World Refugee Day 2025: don't let national emergency measures become the new standard of EU asylum policy
BIRMM POLICY BRIEF N° 01/2025
By Florian Trauner
World Refugee Day is observed every year on June 20th. Led by the United Nations, its purpose is to raise awareness of the plight of refugees and internally displaced persons who have been forced to flee their homes due to war, conflict, or individual persecution. The day also underscores the importance of the 1951 Geneva Convention and the 1948 Universal Declaration of Human Rights—both of which affirm the right to seek protection from persecution in another country. Yet, this very right is increasingly being undermined in Europe. Several EU member states have begun addressing asylum-related challenges through emergency measures. This trend has accelerated since the so-called ‘migration crisis’, which began in the summer of 2015. This Policy Brief tracks this development and recommends against normalizing emergency regimes in terms of dealing with refugees and asylum seekers in Europe.
Key Issues:
- In Europe, the situation of people in need of protection is getting more precarious - fundamental rights risk being eroded by emergency asylum policies of EU member states.

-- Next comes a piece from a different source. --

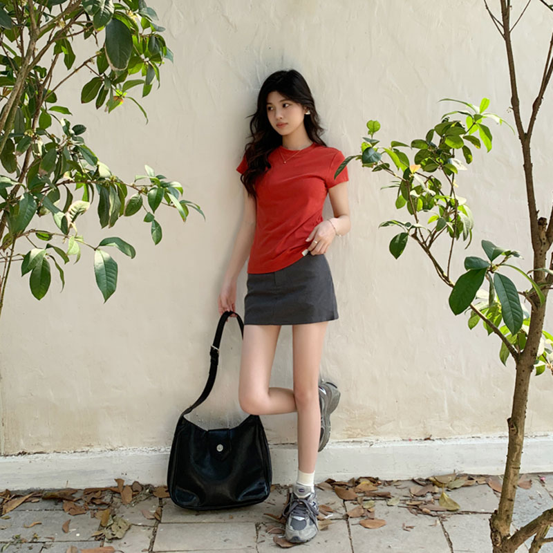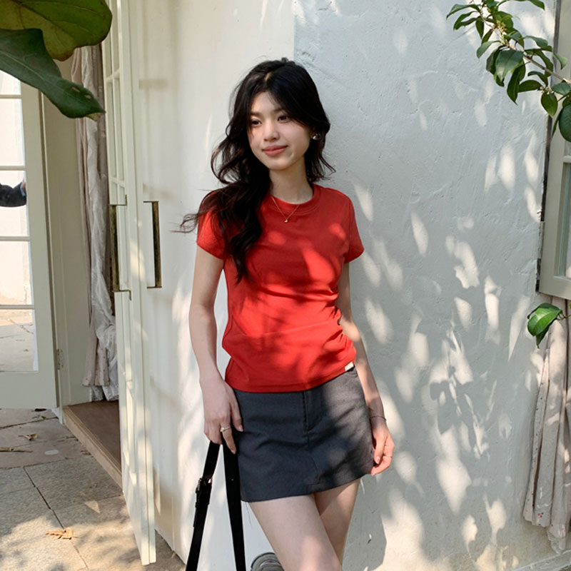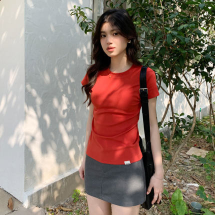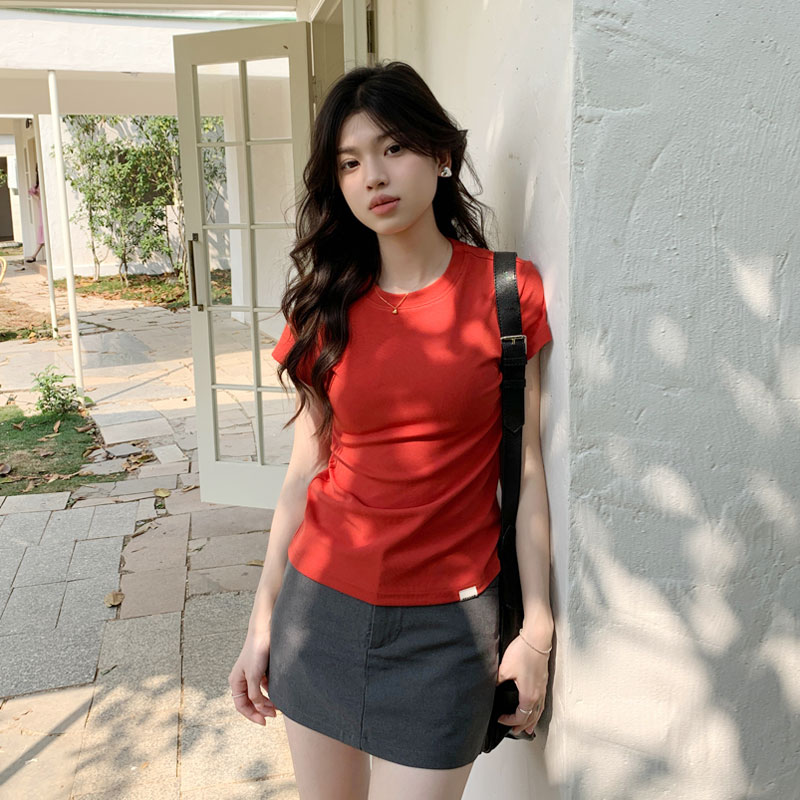 2025夏甜辣风短款砖红色短袖t恤女正肩修身圆领上衣小个子打底衫
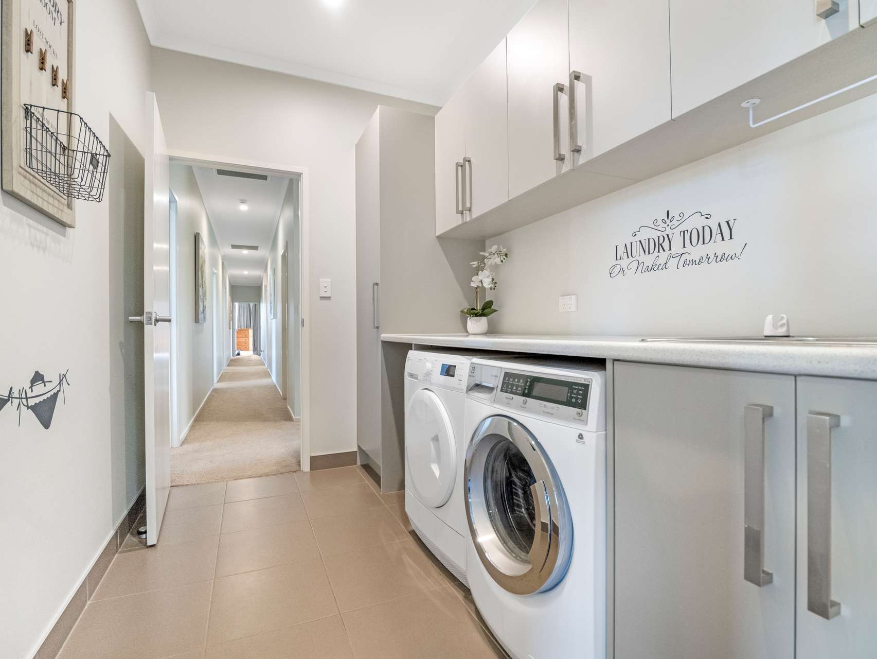 The generous media room features an elevated platform for theatre-style seating and is ideal for movie marathons or game-day viewing. The 3 car garage is carpeted to provide a flexi-use space that’s currently used as a games and fitness zone and a dedicated laundry room rounds out the practical features but there’s much more.

- A series of crises and Russia’s invasion of Ukraine have led to security considerations dominating asylum policy.
- The revised EU asylum laws give this type of measures greater significance, potentially facilitating rather than reversing this development.
- This Policy Brief recommends that national emergency measures should be applied with utmost care – and not to become a new standard in terms of how to deal with asylum-related challenges in the EU.